MySQL join algorithm optimization
Before MySQL 8.0.18, for a long time, there was no hashjoin in MySQL database. The main join algorithm was nest loopjoin. Simplenestloopjoin is obviously inefficient. It needs n full table scans on the internal table. The actual complexity is n * m, n is the number of external records, M is the number of records, which represents the cost of one scan of the internal table. For this reason, MySQL has made several optimizations for simplenetloopjoin, and the pictures posted below are all from the network.
MySQL uses batch technology, that is, using join buffer size to cache enough records at a time. When traversing the internal table, each internal table record and this batch of data are judged conditionally, which reduces the number of times to scan the internal table. If the internal table is large, it indirectly relieves the reading pressure of Io.

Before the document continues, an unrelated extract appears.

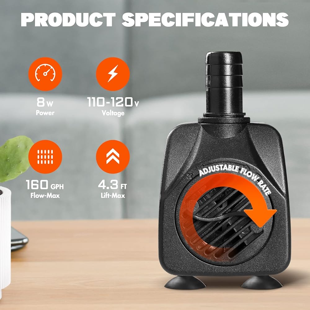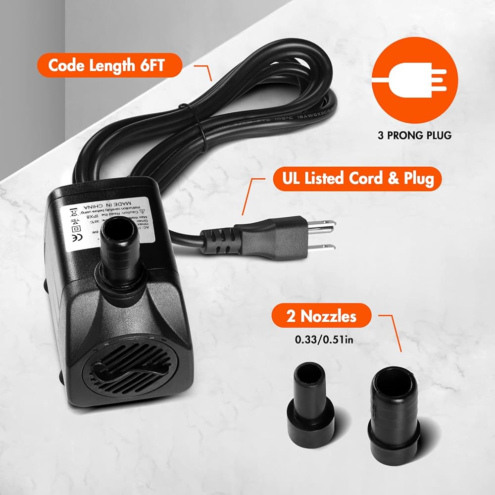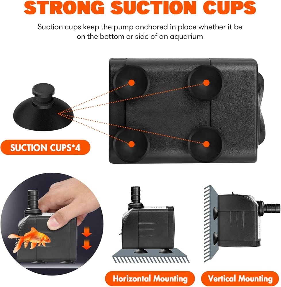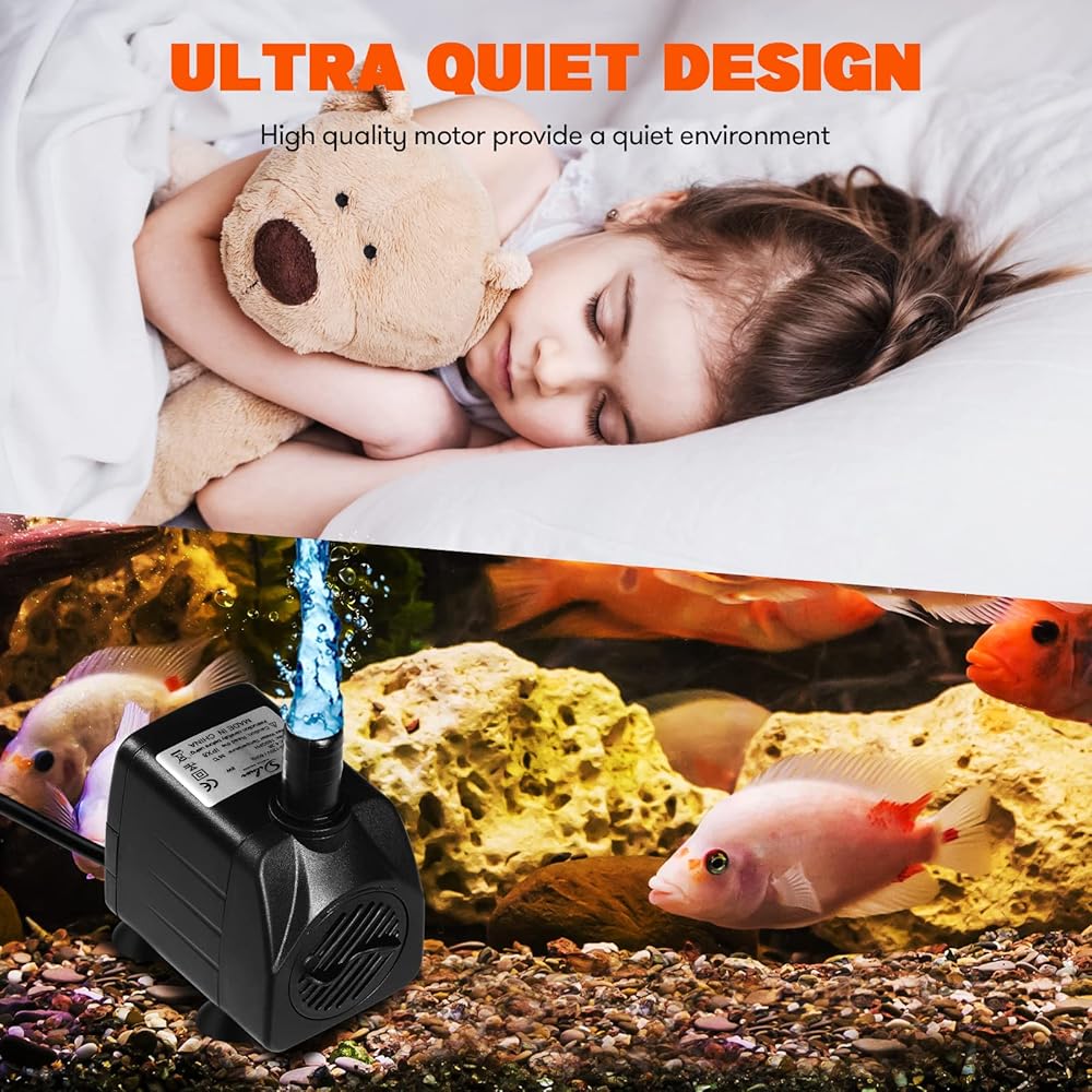 VERSATILE - Circulate and aerate the water, making it more attractive to your fish or turtles. This submersible pump is perfect for aquarium, fountains, spout and hydroponic systems

If we can index the join conditions of the inner table, then for every record on the surface, we don’t need to scan the inner table in the whole table, only need to perform BTREE lookup once, and the overall time complexity is reduced to n * O (logm). Compared with hashjoin, for every external record, hashjoin is a search of hashtable. Of course, hashtable also has a build time and needs to deal with the lack of memory, which is not necessarily better than inlj.
Batched Key Access
Index nest loopjoin uses the index of join condition to match through BTREE lookup, which reduces the cost of traversing inner table. If the join condition is a non primary key column, it means a lot of back tables and random io. BKA optimizes the way that a batch of data that meets the conditions are sorted by primary key, so that when returning to the table, it is relatively orderly from the perspective of primary key, which alleviates the cost of random io. BKA actually uses the MRR feature (multirangeread) to sort the primary key before accessing the data. The cache size of primary key sorting is controlled by the parameter read ﹣ RND ﹣ buffer ﹣ size.
After MySQL 8.0, a lot of refactoring has been done to the server layer code. Although the optimizer is still far behind Oracle, it has been improving. With the support of hashjoin, MySQL optimizer has more choices and the execution path of SQL can be better, especially for the scenario of equivalent join. Although MySQL has made some optimizations for join before, such as nblj, inlj, BKA, etc., they can’t replace the role of hashjoin. A good database should have rich basic capabilities. Use the optimizer to analyze appropriate scenarios, and then take out corresponding basic capabilities to respond to requests in the most efficient way.